# [Problem to work on]
Scan the records below for the line with "Krem Rengi Çiçek" and the line with "近日,中国水产有限公司副总经", and retype that range exactly, both ends included, pictures excepted.

● ● ●

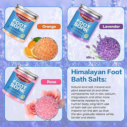 • Fresh fragrance, a variety of flavor options, so that the mood is also brilliant and colorful, XIWEIOO Himalayan foot bath salts using the highest quality mineral salts.
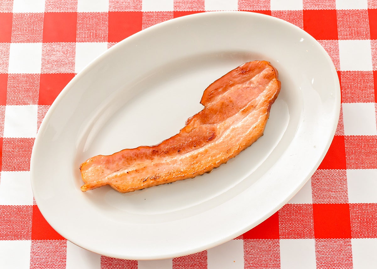▼トッピング「厚切りベーコン」はさらに厚く美味しく。吊るしベーコン独特の肉肉しさと食べ応えがアップしました
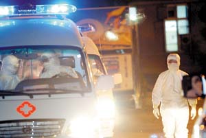 晚上11時,兩名全身武裝的醫(yī)生和兩名司機(jī)上了兩輛隔離車,隔離車迅速啟動,這兩輛開往地壇醫(yī)院的隔離車出發(fā)了。接著,其他醫(yī)務(wù)人員也鉆進(jìn)隔離車,開往北醫(yī)三院的5輛隔離車也開動了。晚上11時30分許,35輛隔離車全部出發(fā),另外兩輛備用隔離車也停在京昌路上隨時等候調(diào)遣。
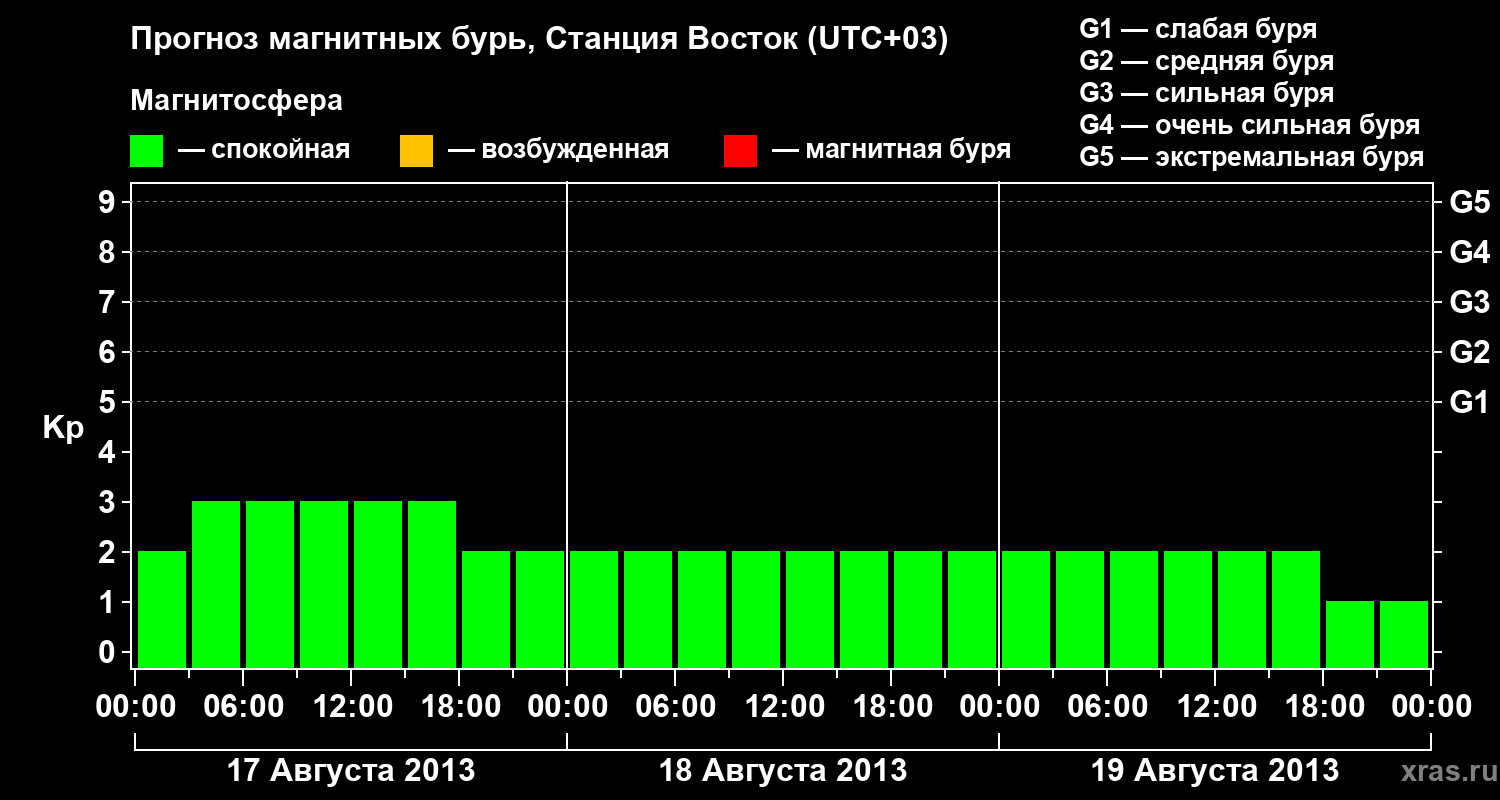 Прогноз магнитных бурь локации Станция Восток — 17 августа 2013 года
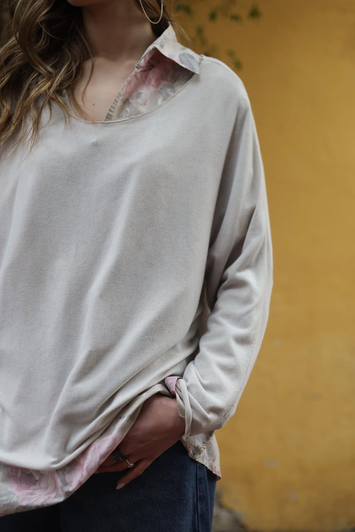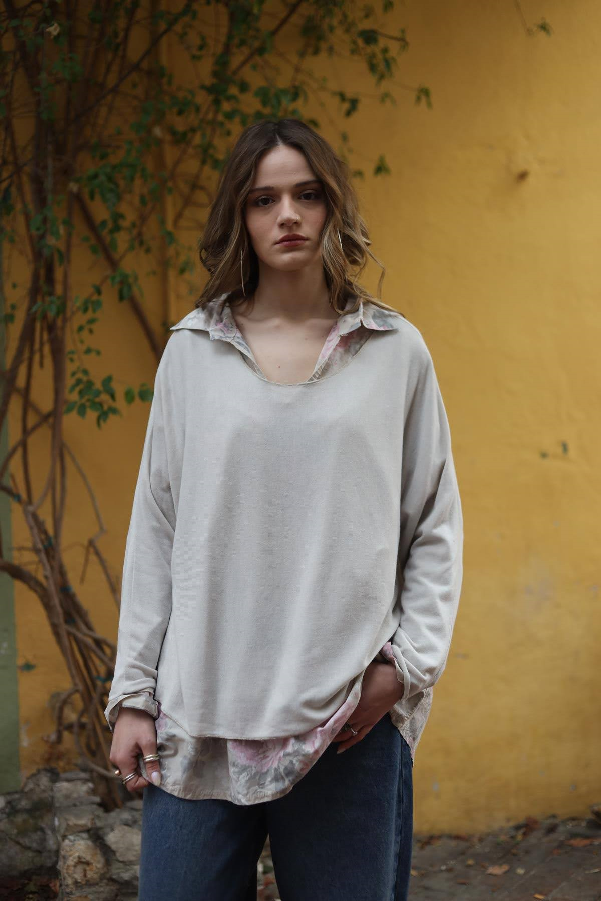 Krem Rengi Çiçek Desenli Gömlek Detaylı Bluz (KB-FAL-020-PA-KR-STD)
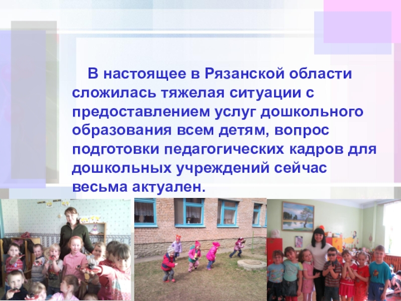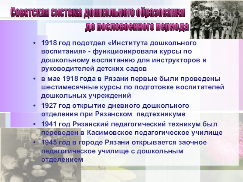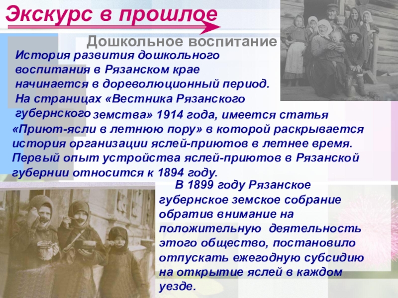 История развития дошкольного воспитания в Рязанском крае начинается в дореволюционный период. На страницах «Вестника Рязанского губернского
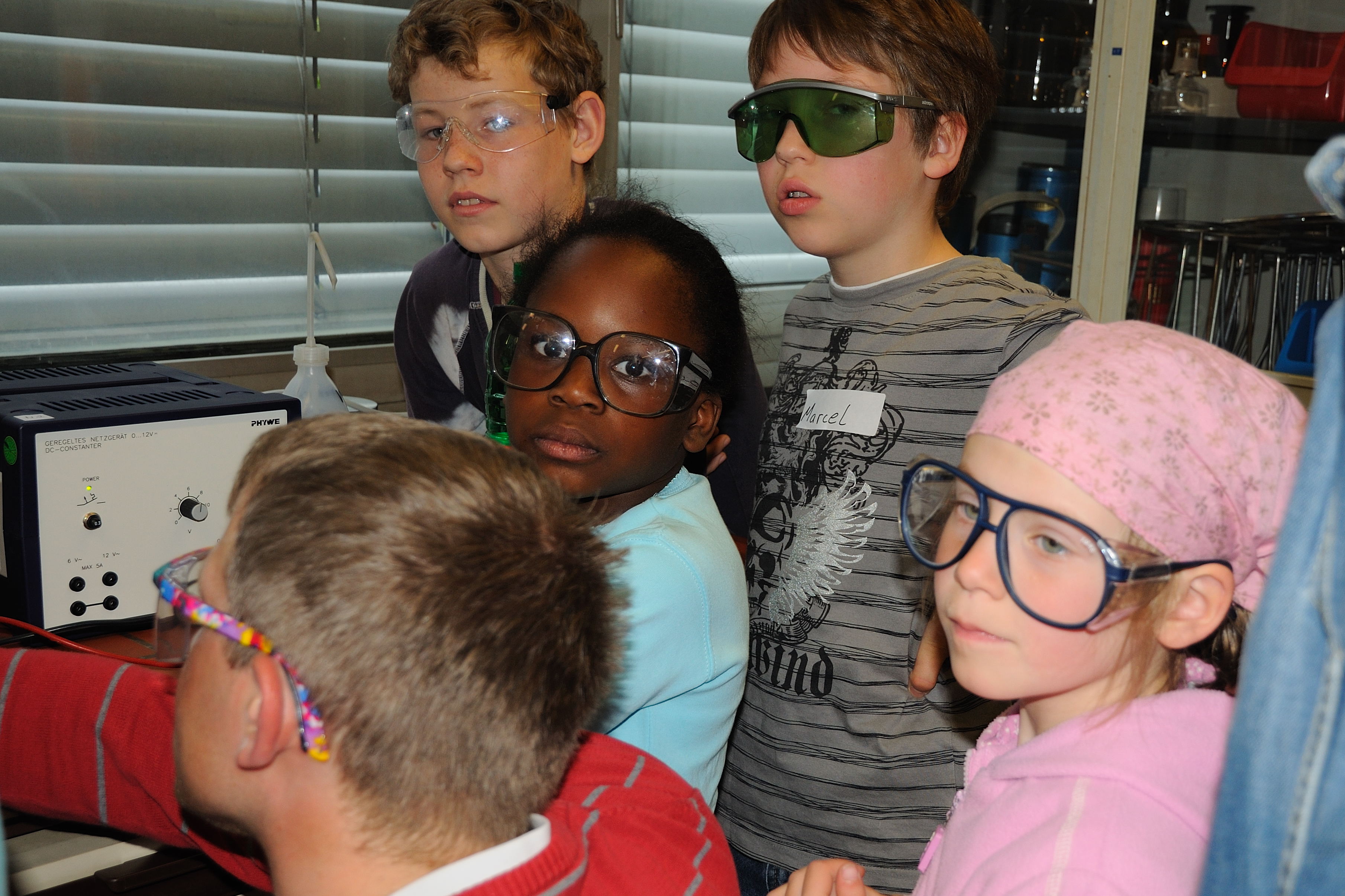 In der zweiten Ferienwoche untersuchten neun junge Forscherinnen und Forscher beim Workshop der Chemiedidaktik die Eigenschaften von verschiedenen Flüssigkeiten und Getränken. Mit Hilfe von Leitfähigkeitsuntersuchungen wurde der Frage nachgegangen, warum Mineralwasser besser Strom leitet als normales oder destilliertes Wasser. Als geübte kleine Chemikerinnen und Chemiker extrahierten die Kinder am letzten Tag in einer Versuchsreihe Orangenlimonade in ihre Bestandteile, Farbstoffe, Aromen, Zucker und Gas, während in der Informatik am PC mit Hilfe verschiedenster Programme und Tools ein eigenes Zauberbuch gebastelt wurde. In der Elektrotechnik konnten die Kinder zunächst kreativ und phantasievoll mit Hilfe von alten Bauteilen und Platinen das Löten üben, bevor sie an einem elektronischen Würfel bastelten und so die Gesetze der Elektronik kennenlernten.
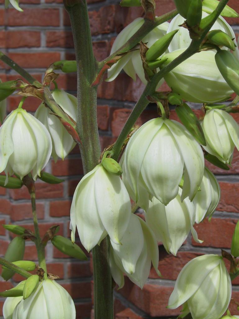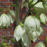 Sehr viel südlicheren Gefilden als Brandenburg zugehörig wirkt die Palmlilie (Yucca filamentosa). Sie ist aus Gärtnersicht zahm wie ein Lämmchen . Zusätzlich bleibt dieses Pflanzenwunder im Winter grün, ist frosthart wie ein Eisbär und blüht mit einem ganzen Stamm voller Lilienblüten von Juli bis August. Sehr schön macht sich das mit Gräsern, Kugellauch und Eselsohr (Stachys lanata) in einer Fläche aus mineralischem Mulch – also Kies, Geröll, Schotter oder Splitt als Bodenbedeckung. Überhaupt sind diese Pflanzen dankbar wenn der Boden eher nährstoffarm und mager ist. Dass sie in vollster Sonne stehen möchten, versteht sich von allein.
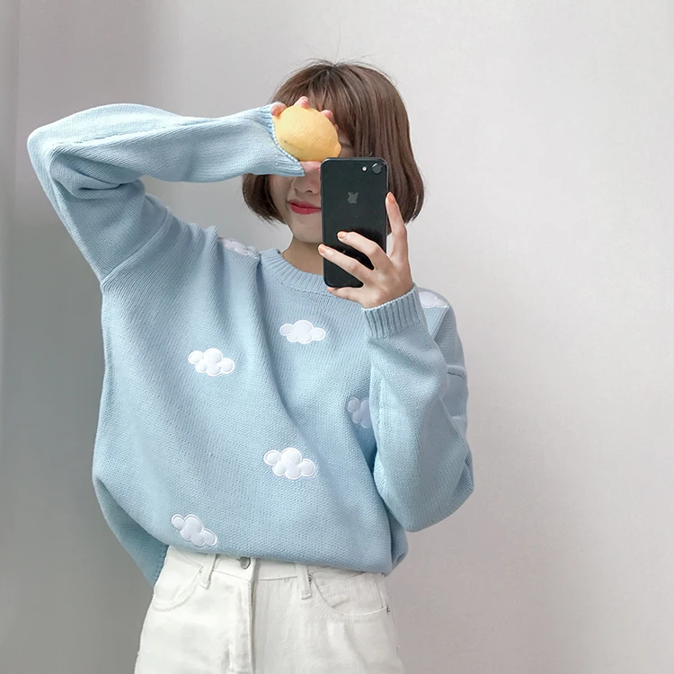 Пуловер женский вязаный, весна-осень, в стиле Харадзюку
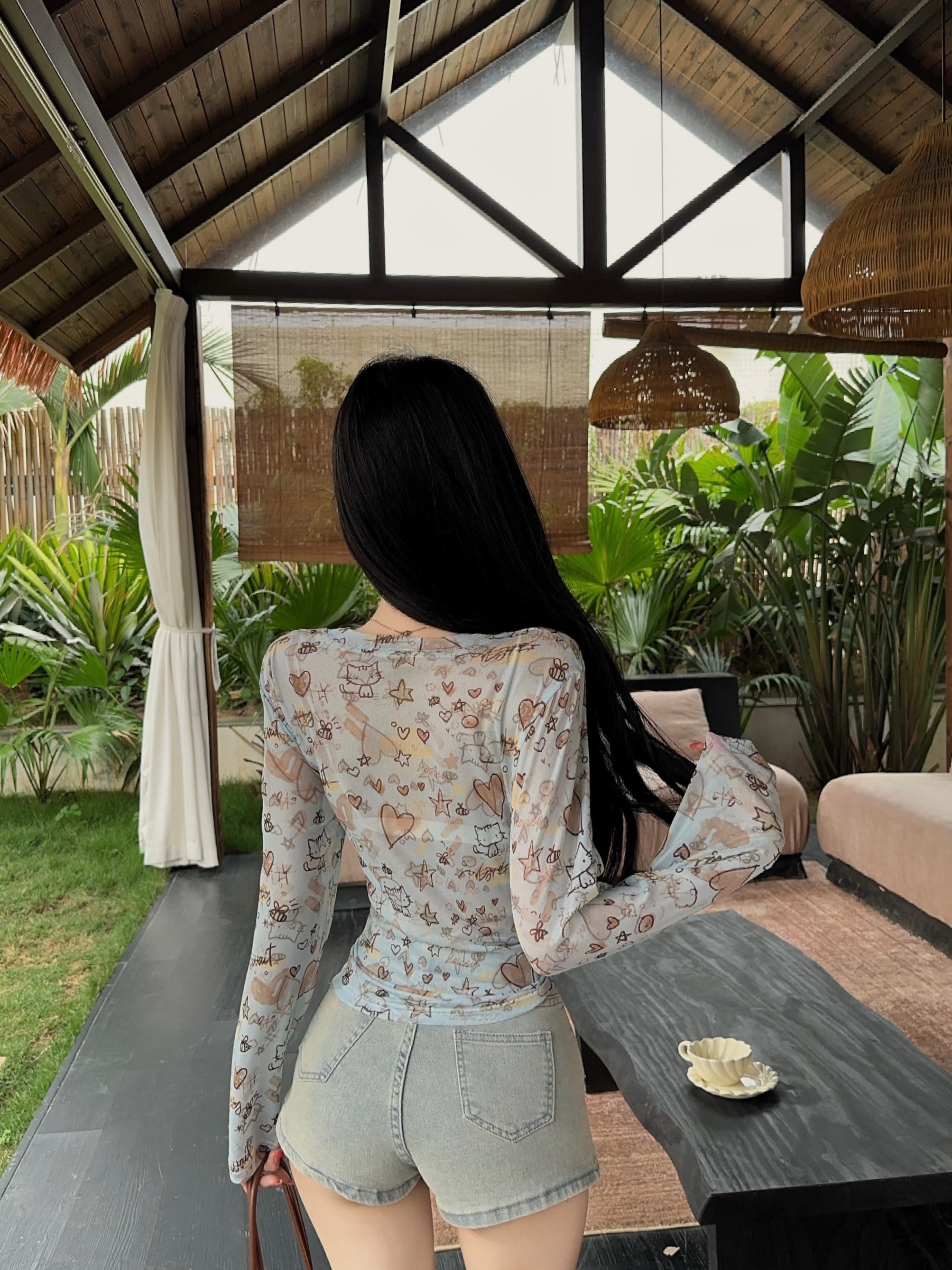 뒤로 홀로우 아웃 얇은 스타일 자외선 차단 블라우스 긴팔 티셔츠 여성 2026 새로운 고유 한 아름다운 디자인 센스 여름 맨위
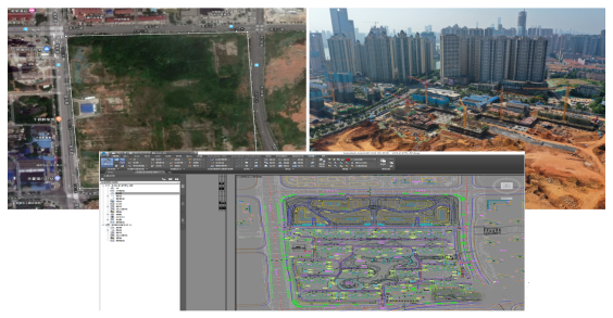 利用GOOGLE卫星地图进行空间位置测距,结合BIM软件CIVIL 3D进行图纸和地形关联比对,加上无人机技术,对施工项目空间进行整体测绘,方便下一步场地布置,对施工面也有大概预测。
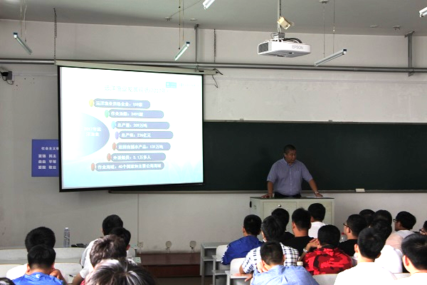 近日,中国水产有限公司副总经理杨光辉一行来访我校开展校企合作交流,副校长胡玉才会见了杨光辉一行,并就校企合作事宜进行了交流,教务处、科技处、海洋科技与环境学院相关负责人参加交流会。交流会后,杨光辉等应邀在我校獐子岛教学楼104教室围绕远洋渔业的主题作了相关报告,我校师生代表近100余人聆听了报告。报告拓宽了我校海洋渔业科学与技术专业学生的专业知识,促进了我校学生对远洋渔业的了解。报告后,杨光辉与有意从事远洋渔业事业的同学进行了亲切交谈,并签订了相关就业协定。海洋科技与环境学院 供稿
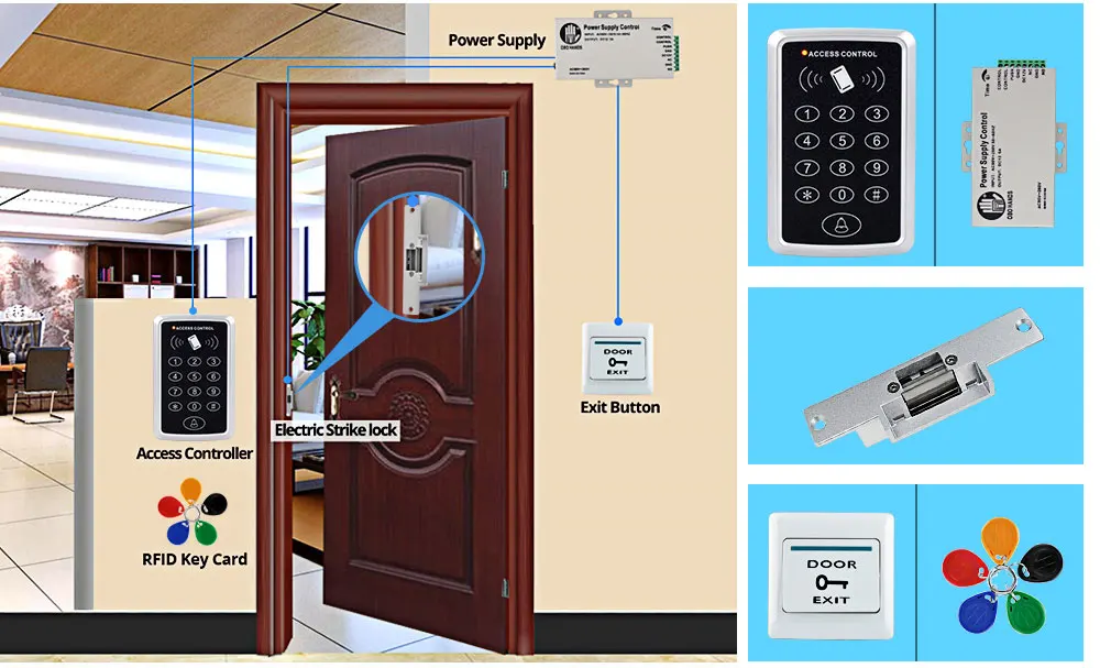 Package including: Access Control keypad + Power supply + Electric Strike lock + Exit button + 10pcs Keyfobs.

● ● ●

# [Answer space]
 Krem Rengi Çiçek Desenli Gömlek Detaylı Bluz (KB-FAL-020-PA-KR-STD)
 История развития дошкольного воспитания в Рязанском крае начинается в дореволюционный период. На страницах «Вестника Рязанского губернского
 In der zweiten Ferienwoche untersuchten neun junge Forscherinnen und Forscher beim Workshop der Chemiedidaktik die Eigenschaften von verschiedenen Flüssigkeiten und Getränken. Mit Hilfe von Leitfähigkeitsuntersuchungen wurde der Frage nachgegangen, warum Mineralwasser besser Strom leitet als normales oder destilliertes Wasser. Als geübte kleine Chemikerinnen und Chemiker extrahierten die Kinder am letzten Tag in einer Versuchsreihe Orangenlimonade in ihre Bestandteile, Farbstoffe, Aromen, Zucker und Gas, während in der Informatik am PC mit Hilfe verschiedenster Programme und Tools ein eigenes Zauberbuch gebastelt wurde. In der Elektrotechnik konnten die Kinder zunächst kreativ und phantasievoll mit Hilfe von alten Bauteilen und Platinen das Löten üben, bevor sie an einem elektronischen Würfel bastelten und so die Gesetze der Elektronik kennenlernten.
 Sehr viel südlicheren Gefilden als Brandenburg zugehörig wirkt die Palmlilie (Yucca filamentosa). Sie ist aus Gärtnersicht zahm wie ein Lämmchen . Zusätzlich bleibt dieses Pflanzenwunder im Winter grün, ist frosthart wie ein Eisbär und blüht mit einem ganzen Stamm voller Lilienblüten von Juli bis August. Sehr schön macht sich das mit Gräsern, Kugellauch und Eselsohr (Stachys lanata) in einer Fläche aus mineralischem Mulch – also Kies, Geröll, Schotter oder Splitt als Bodenbedeckung. Überhaupt sind diese Pflanzen dankbar wenn der Boden eher nährstoffarm und mager ist. Dass sie in vollster Sonne stehen möchten, versteht sich von allein.
 Пуловер женский вязаный, весна-осень, в стиле Харадзюку
 뒤로 홀로우 아웃 얇은 스타일 자외선 차단 블라우스 긴팔 티셔츠 여성 2026 새로운 고유 한 아름다운 디자인 센스 여름 맨위
 利用GOOGLE卫星地图进行空间位置测距,结合BIM软件CIVIL 3D进行图纸和地形关联比对,加上无人机技术,对施工项目空间进行整体测绘,方便下一步场地布置,对施工面也有大概预测。
 近日,中国水产有限公司副总经理杨光辉一行来访我校开展校企合作交流,副校长胡玉才会见了杨光辉一行,并就校企合作事宜进行了交流,教务处、科技处、海洋科技与环境学院相关负责人参加交流会。交流会后,杨光辉等应邀在我校獐子岛教学楼104教室围绕远洋渔业的主题作了相关报告,我校师生代表近100余人聆听了报告。报告拓宽了我校海洋渔业科学与技术专业学生的专业知识,促进了我校学生对远洋渔业的了解。报告后,杨光辉与有意从事远洋渔业事业的同学进行了亲切交谈,并签订了相关就业协定。海洋科技与环境学院 供稿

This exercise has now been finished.